■ **Task**
Using the listing below, copy exactly each line from the one that has "ブルームバーグ・アジア・ドル" through the one that has "โอเวอร์ไซส์สำหรับ TKAN419D ออกแบบได้ตามต้องการ"; omit the pictures.

■ **Supplied records**
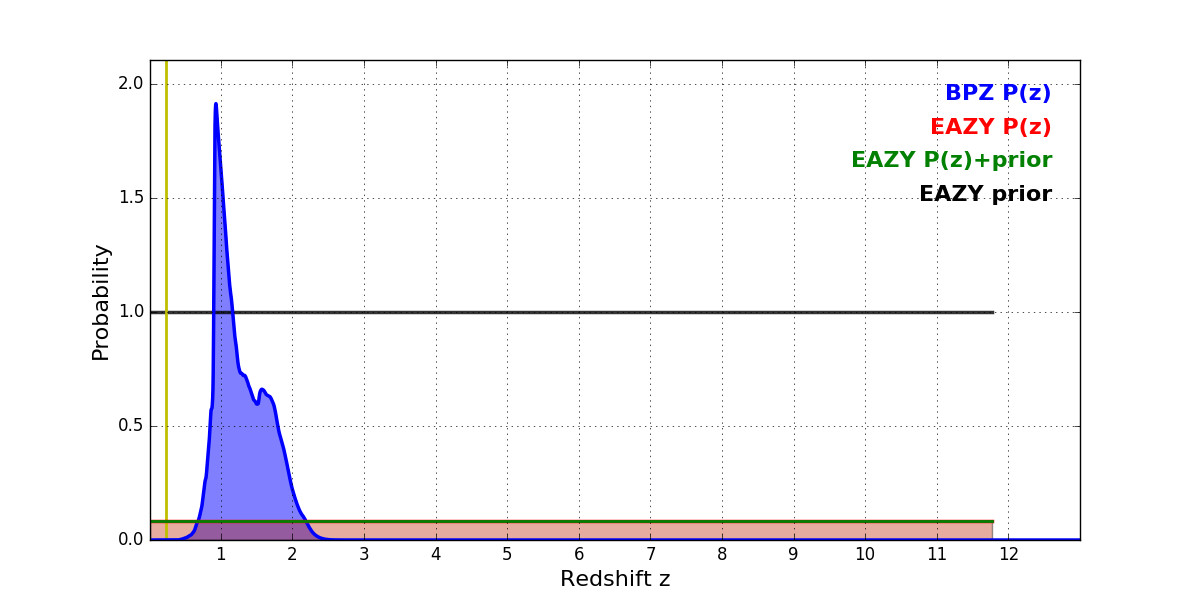 In P(z) plots: Yellow lines mark the cluster redshift z = 0.228,
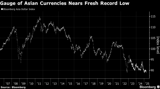 ブルームバーグ・アジア・ドル指数は2006年以降のデータで過去最低水準を記録。韓国のウォンは世界金融危機以来の安値となった。
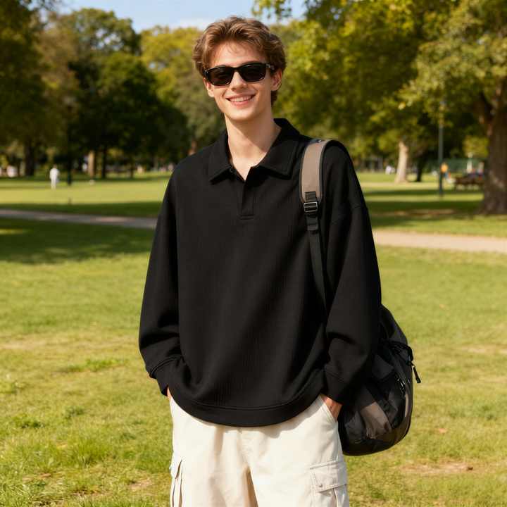 เสื้อสเวตเชิ้ตผู้ชายคอโปโลผ้าฝ้ายสีทึบแนวสตรีทแวร์ผ้าคอตตอน100% โอเวอร์ไซส์สำหรับ TKAN419D ออกแบบได้ตามต้องการ
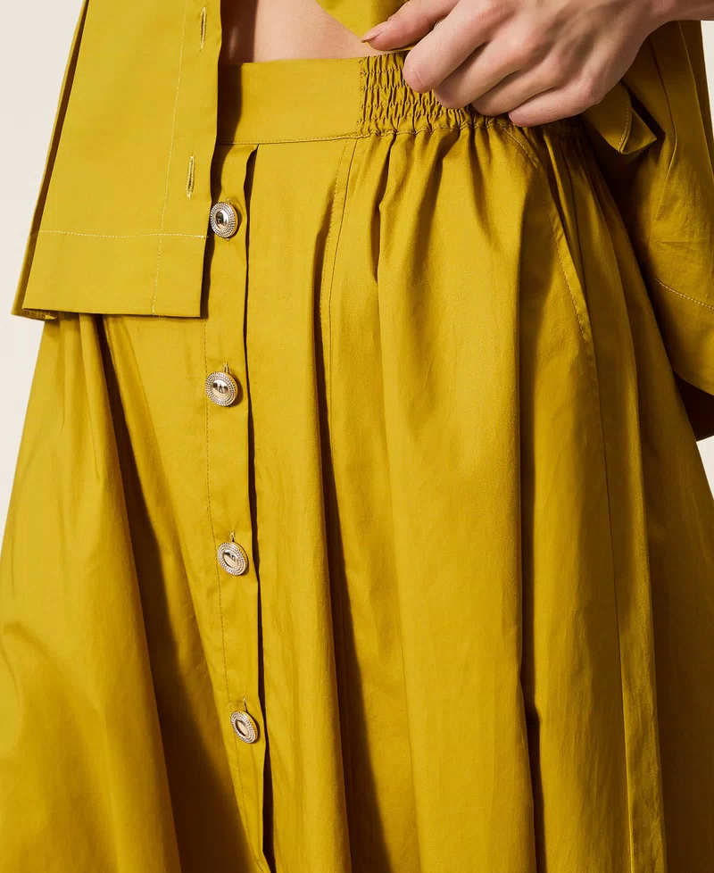 Falda larga de popelina de algodón elástico con botones decorativos en la parte delantera, elástico en los laterales y en la parte posterior de la cintura, bolsillos laterales y corte evasé.
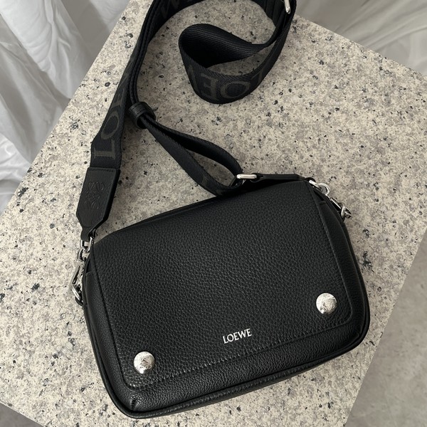 ちょうどいいサイズ感で持ち歩きやすいLOEWE(ロエベ)の「ぺブル メッセンジャーバッグ」。両端にあしらわれたさりげないぺブルボタンがアクセントに♡ベーシックだから、男女ともにガシガシ使えます。

■ **Written answer**
 ブルームバーグ・アジア・ドル指数は2006年以降のデータで過去最低水準を記録。韓国のウォンは世界金融危機以来の安値となった。
 เสื้อสเวตเชิ้ตผู้ชายคอโปโลผ้าฝ้ายสีทึบแนวสตรีทแวร์ผ้าคอตตอน100% โอเวอร์ไซส์สำหรับ TKAN419D ออกแบบได้ตามต้องการ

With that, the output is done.